Round 82: strict Primary workflow surfaces graph parity

johnteee · johnteee · commit e30d3582eccd · 2026-06-25T16:15:13.000+08:00
Six-lens panel (EQ–ET) agreed to align thinking-lens Purpose preambles
exactly with SKILL_THINKING_SOURCES consumers, add pytest guard, and
move adjacent workflow notes to Scope. Governance synced to Round 82.
diff --git a/README.md b/README.md
@@ -21,7 +21,7 @@ Full library docs: [reflective-prompt-library/README.md](reflective-prompt-libra
 ## Governance
 
 - **Contributing:** [CONTRIBUTING.md](CONTRIBUTING.md) — quality gates, routing maintenance (R8–R12), `make all`
-- **Panel record:** [multi-agent-panel-consensus](reflective-prompt-library/plans/multi-agent-panel-consensus-2026-06-25.md) — six-lens Socratic consensus (Rounds 1–81)

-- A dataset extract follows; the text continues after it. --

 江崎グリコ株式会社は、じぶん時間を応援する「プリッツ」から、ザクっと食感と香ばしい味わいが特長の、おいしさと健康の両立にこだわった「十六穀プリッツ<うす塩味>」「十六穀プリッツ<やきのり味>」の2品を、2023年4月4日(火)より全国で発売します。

+- **Panel record:** [multi-agent-panel-consensus](reflective-prompt-library/plans/multi-agent-panel-consensus-2026-06-25.md) — six-lens Socratic consensus (Rounds 1–82)

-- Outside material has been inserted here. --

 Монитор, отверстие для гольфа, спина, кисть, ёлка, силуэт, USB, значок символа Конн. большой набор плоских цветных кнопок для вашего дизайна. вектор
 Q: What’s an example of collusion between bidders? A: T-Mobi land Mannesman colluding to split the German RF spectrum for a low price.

 - **Operator playbook:** [GLOSSARY.md](reflective-prompt-library/GLOSSARY.md) — Governance Maintenance Playbook
 
 The repository contains:
diff --git a/reflective-prompt-library/01-thinking/counterargument.md b/reflective-prompt-library/01-thinking/counterargument.md
@@ -4,7 +4,7 @@ Use this to prevent excessive optimism, overengineering, or AI flattery.
 
 ## Purpose
 
-Stress-test optimism, overengineering, and AI flattery before committing resources. Primary workflow surfaces: `reflective-implement` for disputed implementation choices; `reflective-review` and `reflective-minimality` for critique and anti-bloat; escalate to `reflective-risk` when trust-boundary or blast-radius signals appear.

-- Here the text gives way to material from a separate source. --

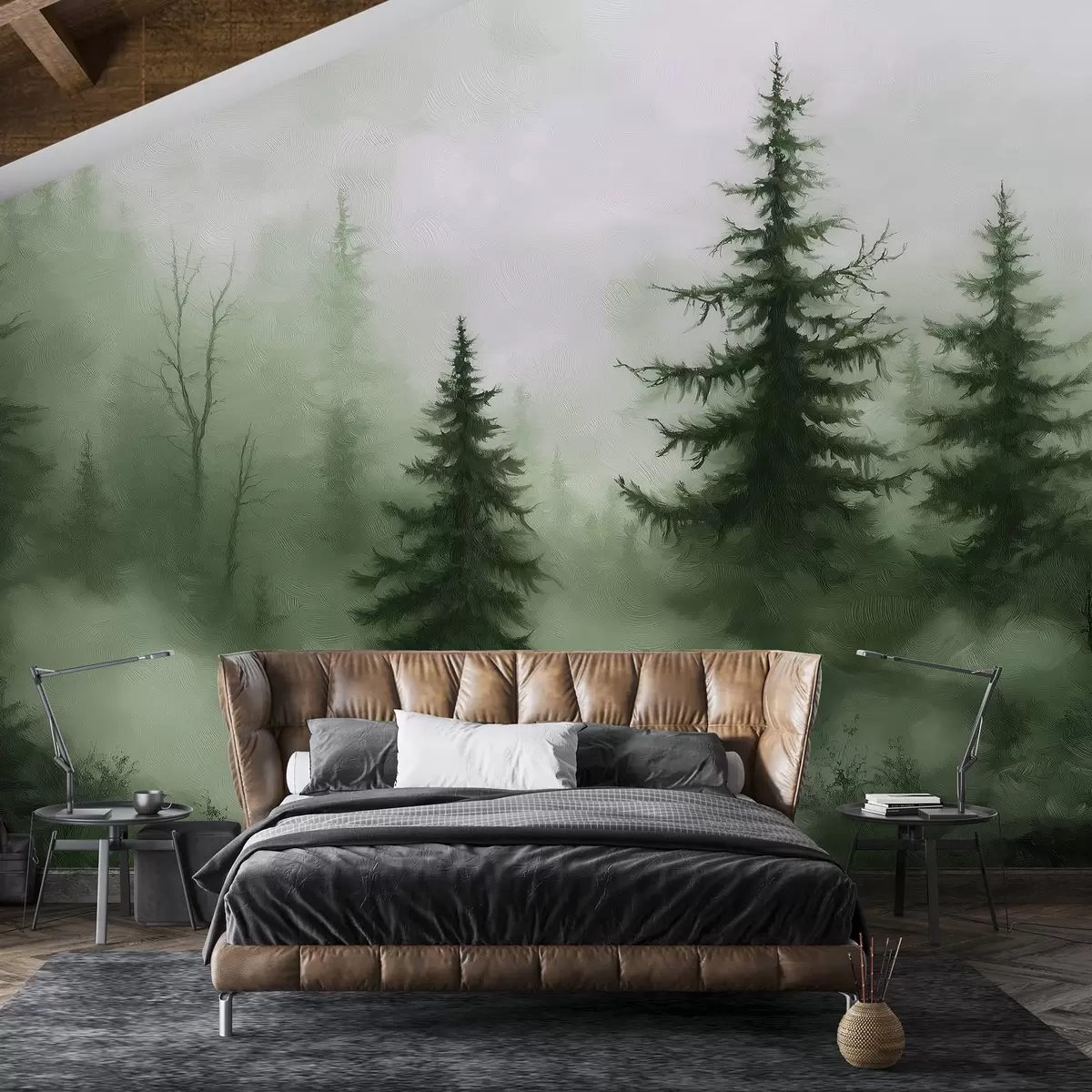 Zidne murale Tamno zelena šuma, ulje na platnu, potezi kistom, priroda br. w02153v1

+Stress-test optimism, overengineering, and AI flattery before committing resources. Primary workflow surfaces: `reflective-implement` for disputed implementation choices; `reflective-review` and `reflective-minimality` for critique and anti-bloat.
 
 ## Scope
 
diff --git a/reflective-prompt-library/01-thinking/socratic-reviewer.md b/reflective-prompt-library/01-thinking/socratic-reviewer.md
@@ -4,12 +4,13 @@ Suitable for requirements interviews, life decisions, product direction, busines
 
 ## Purpose
 
-Clarify the real question before choosing a direction. Primary workflow surfaces: `reflective-brief` for goal and assumption clarification; `reflective-dispatch` for routing; `reflective-research` for multi-voice synthesis; `reflective-handoff-retro` for session transfer; escalate to `reflective-spec-plan` when scope is clear enough to plan.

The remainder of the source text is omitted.